◆ Assigned task
The data below should be printed in full, exactly, and without any of its images.

[Data extract Boundary: Start]

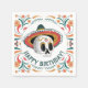 Celebrate in bold style with this editable napkin featuring a sugar skull in a sombrero surrounded by festive floral accents and “Happy Birthday” text. The vibrant teal, red, and gold colour scheme is perfect for Mexican-themed parties, over the hill birthday parties or a colourful fiesta. Personalise the text to make your event truly unique.
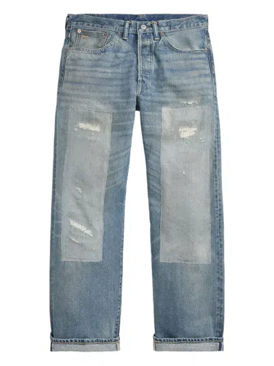 Straight-leg Distressed Jeans In Blue
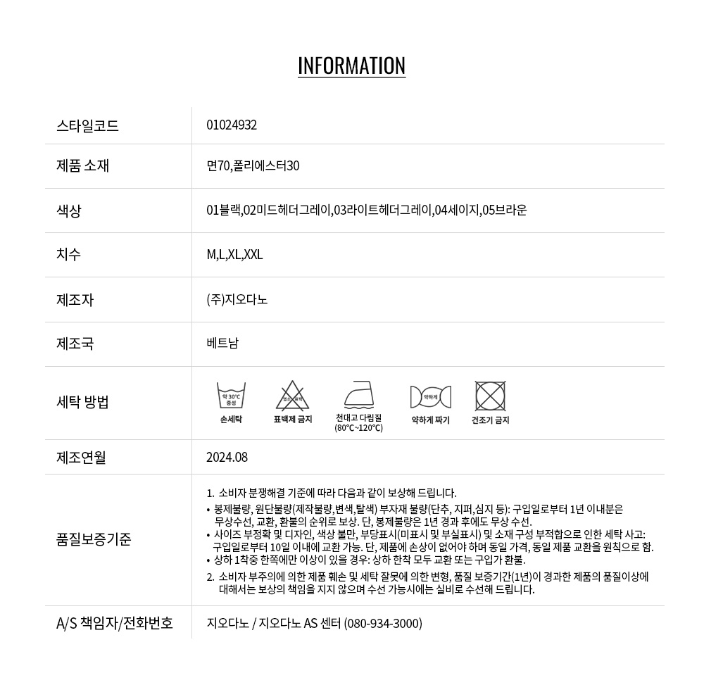 보온성이 뛰어나 FW시즌에 데일리 아이템으로 활용하기 용이합니다.

[Data extract Boundary: End]

◆ Answer area
 Celebrate in bold style with this editable napkin featuring a sugar skull in a sombrero surrounded by festive floral accents and “Happy Birthday” text. The vibrant teal, red, and gold colour scheme is perfect for Mexican-themed parties, over the hill birthday parties or a colourful fiesta. Personalise the text to make your event truly unique.
 Straight-leg Distressed Jeans In Blue
 보온성이 뛰어나 FW시즌에 데일리 아이템으로 활용하기 용이합니다.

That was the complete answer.